### TASK ITEM:
With pictures omitted, restate the data word for word.

### RECORDED INFORMATION:
• • •

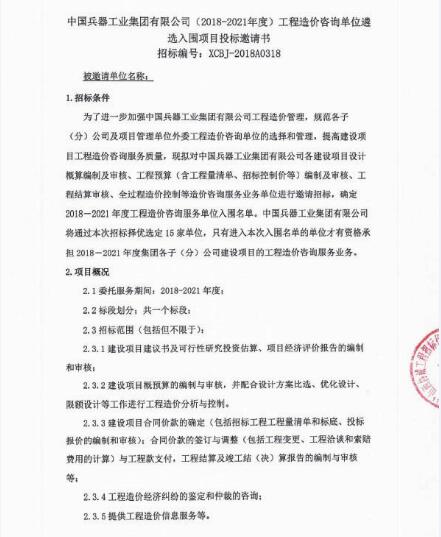 2018年8月13日,中國兵器工業(yè)集團(tuán)就(2018—2021年度)工程造價咨詢單位遴選入圍項(xiàng)目進(jìn)行了公開招標(biāo)。
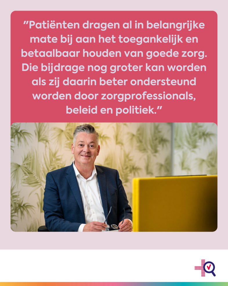 “Patiënten doen er alles aan om de zorg in de toekomst toegankelijk te houden,” aldus Schellekens. “Ze passen hun leefstijl aan, meten thuis hun waarden, zoeken zelf informatie op en zorgen voor hun naasten. Dat doen ze niet omdat ze méér zorg eisen, maar juist omdat ze de zorg zo min mogelijk willen belasten. Het beeld van de patiënt die altijd maar meer zorg wilt, klopt simpelweg niet. Wat patiënten wél vragen, is goede begeleiding, vooral op het gebied van zelfzorg, digitale zorg en leefstijl. Dit moet verbeteren om de zorg ook in de toekomst toegankelijk en betaalbaar te houden.”
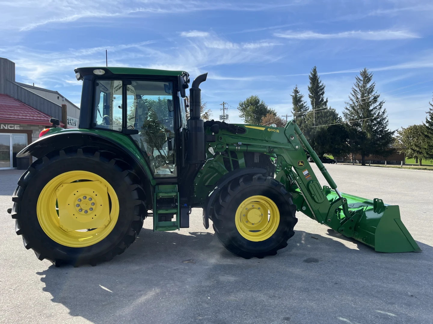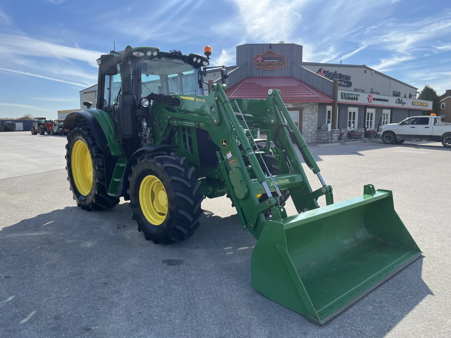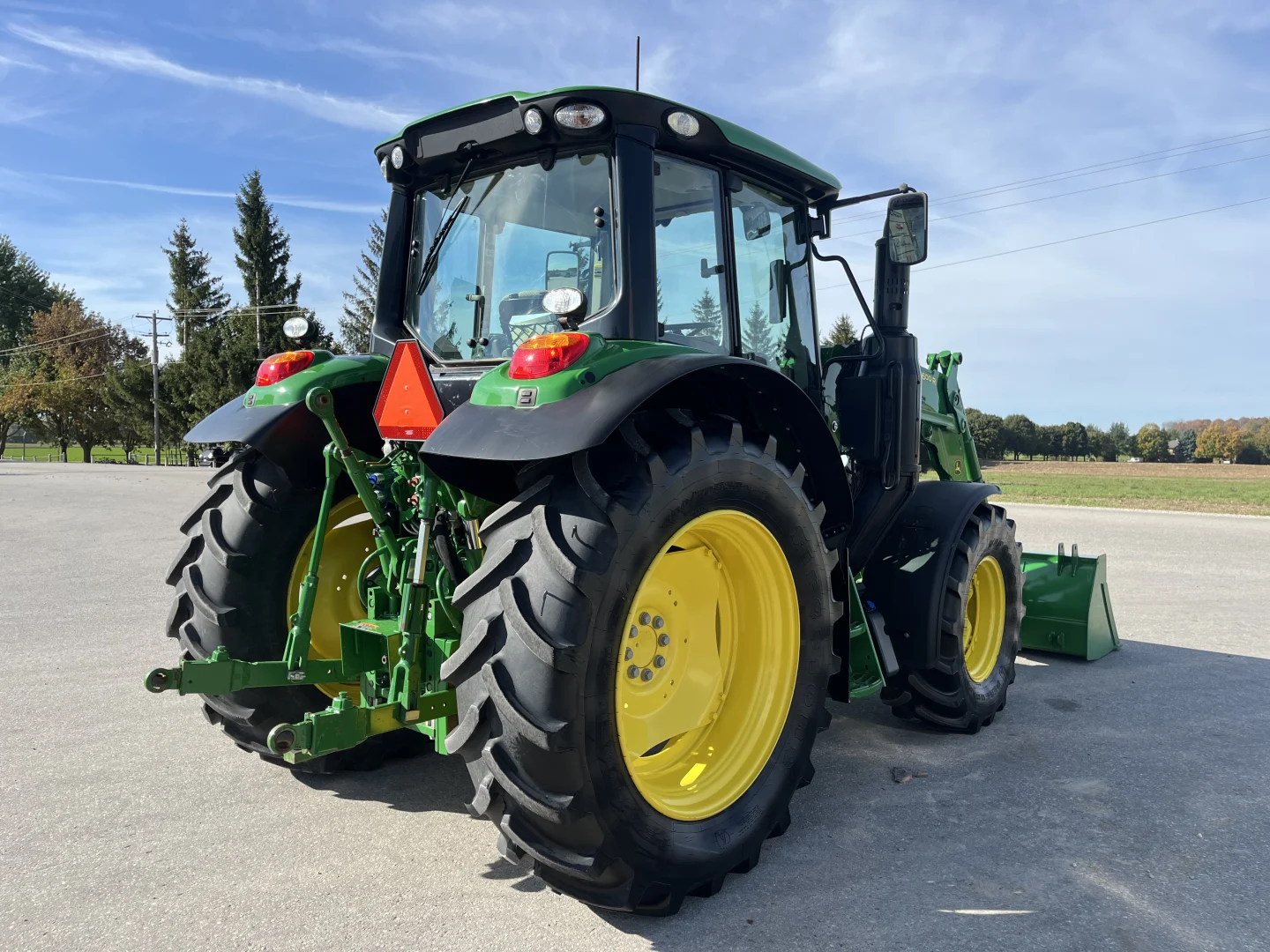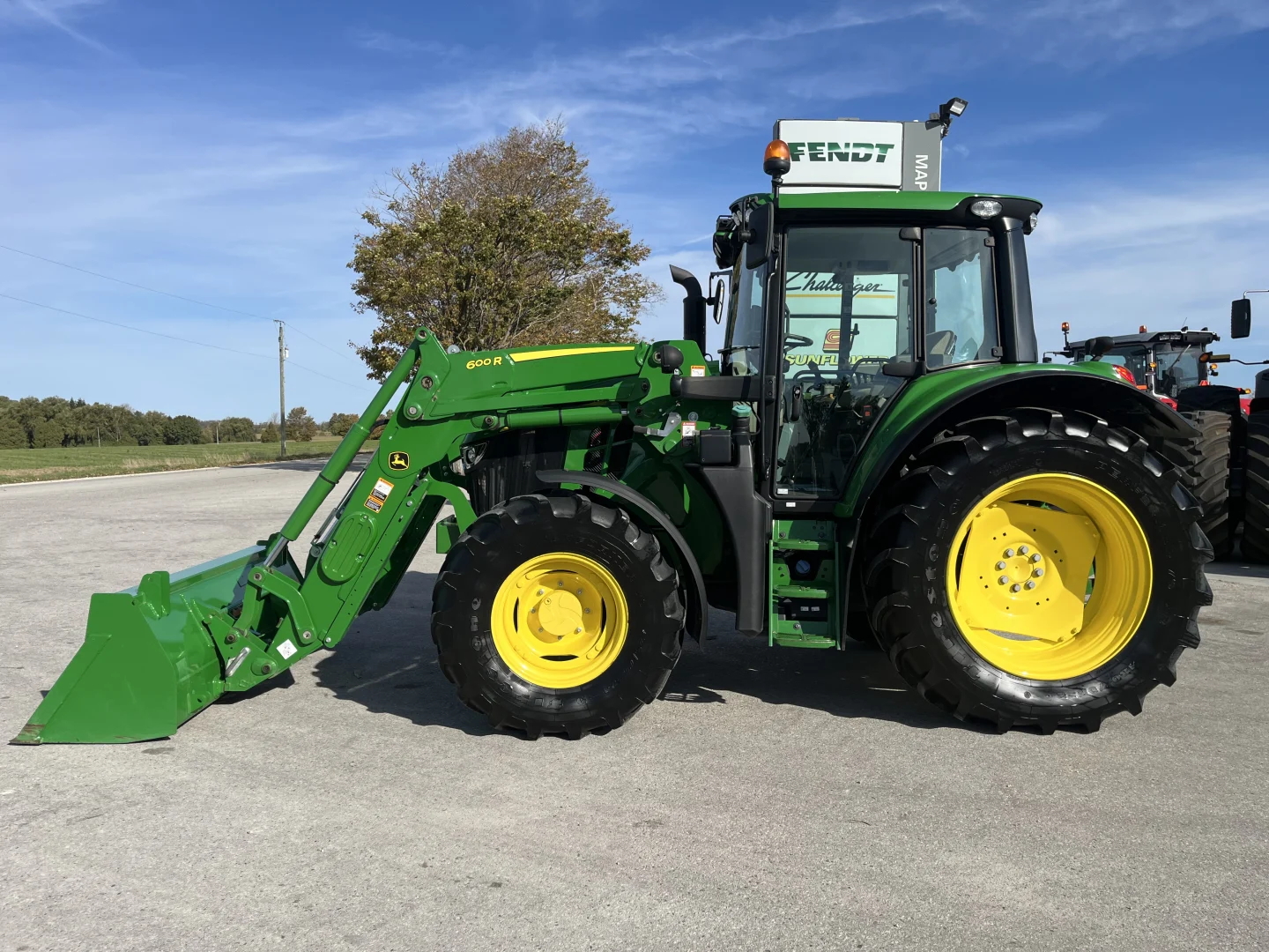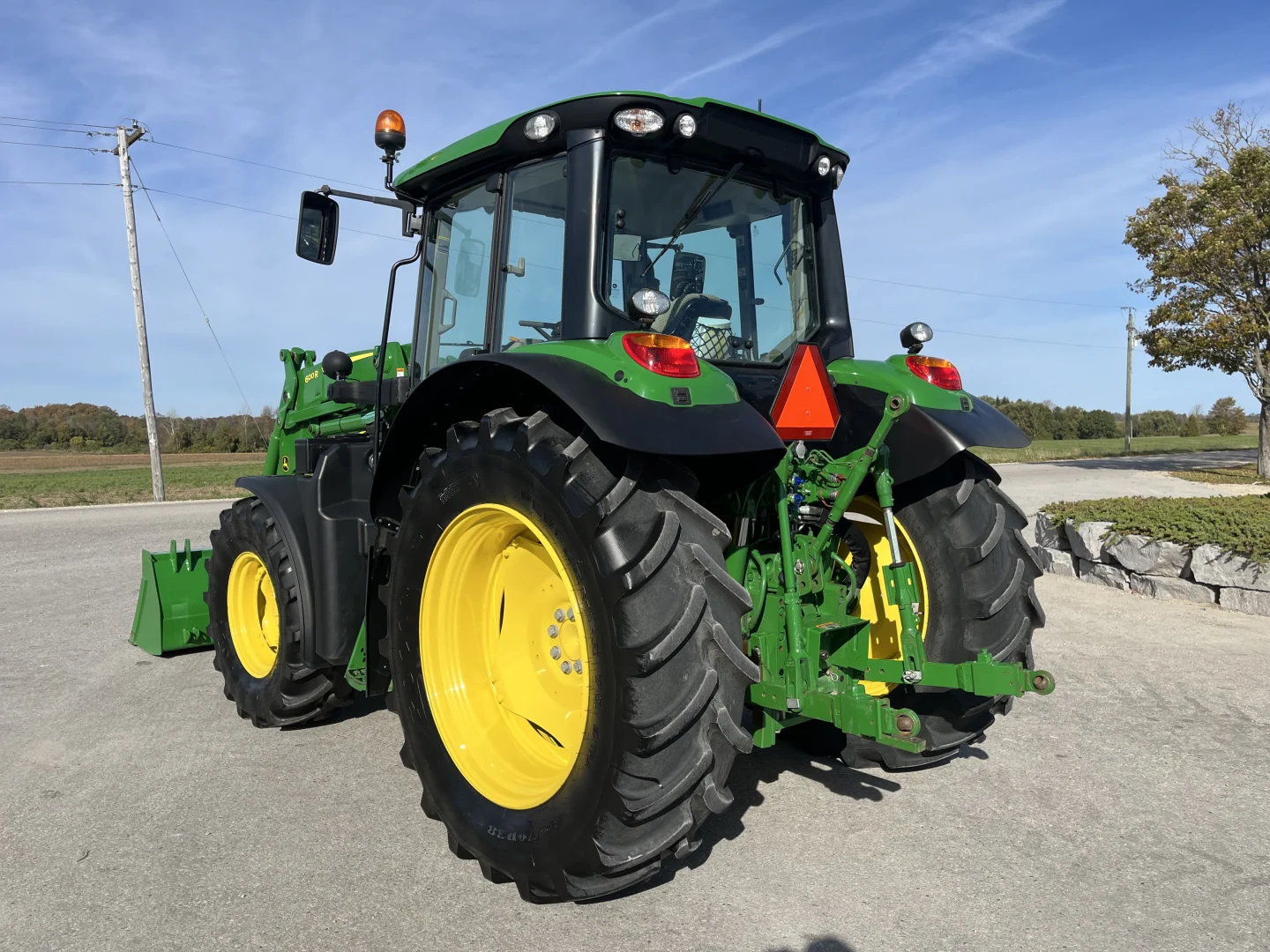 480/70R38 and 420/70R24 tires, 24-spd PowerQuad Plus powershift transmission, 3 remotes, JD600 self-leveling loader, 84″ bucket.

• • •

### EXERCISE SOLUTION:
 2018年8月13日,中國兵器工業(yè)集團(tuán)就(2018—2021年度)工程造價咨詢單位遴選入圍項(xiàng)目進(jìn)行了公開招標(biāo)。
 “Patiënten doen er alles aan om de zorg in de toekomst toegankelijk te houden,” aldus Schellekens. “Ze passen hun leefstijl aan, meten thuis hun waarden, zoeken zelf informatie op en zorgen voor hun naasten. Dat doen ze niet omdat ze méér zorg eisen, maar juist omdat ze de zorg zo min mogelijk willen belasten. Het beeld van de patiënt die altijd maar meer zorg wilt, klopt simpelweg niet. Wat patiënten wél vragen, is goede begeleiding, vooral op het gebied van zelfzorg, digitale zorg en leefstijl. Dit moet verbeteren om de zorg ook in de toekomst toegankelijk en betaalbaar te houden.”
 480/70R38 and 420/70R24 tires, 24-spd PowerQuad Plus powershift transmission, 3 remotes, JD600 self-leveling loader, 84″ bucket.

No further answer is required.